The study of ion channel-mediated changes in membrane potential using the conventional bisoxonol fluorescent dye DiBAC4(3) has several limitations, including a slow onset of response and multistep preparation, that limit both the fidelity of the results and the throughput of membrane potential assays. Here, we report the characterization of the FLIPR Membrane Potential Assay Kit (FMP) in cells expressing voltage- and ligand-gated ion channels. The steady-state and kinetics fluorescence properties of FMP were compared with those of DiBAC4(3), using both FLIPR and whole-cell patch-clamp recording. Our experiments with the voltage-gated K+ channel, hElk-1, revealed that FMP was 14-fold faster than DiBAC4(3) in response to depolarization. On addition of 60 mM KCl, the kinetics of fluorescence changes of FMP using FLIPR were identical to those observed in the electrophysiological studies using whole-cell current clamp. In addition, KCl concentration-dependent increases in FMP fluorescence correlated with the changes of membrane potential recorded in whole-cell patch clamp.
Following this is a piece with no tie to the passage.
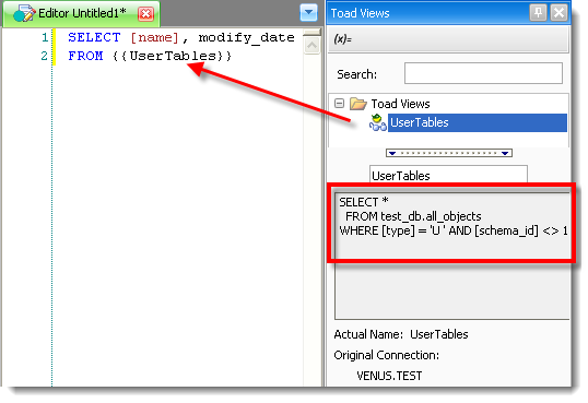 • Unlike code snippets, the contents of a Toad View are not pasted into the Editor. The Toad View name (in curly brackets) is replaced with the view contents only during script execution. This allows you to update the Toad View any time without affecting the script in the Editor.

In studies examining vanilloid receptor-1, a ligand-gated nonselective cation channel, FMP was superior to DiBAC4(3) with respect to both kinetics and amplitude of capsaicin-induced fluorescence changes. FMP has also been used to measure the activation of KATP1 and hERG.2 Thus this novel membrane potential dye represents a powerful tool for developing high-throughput screening assays for ion channels.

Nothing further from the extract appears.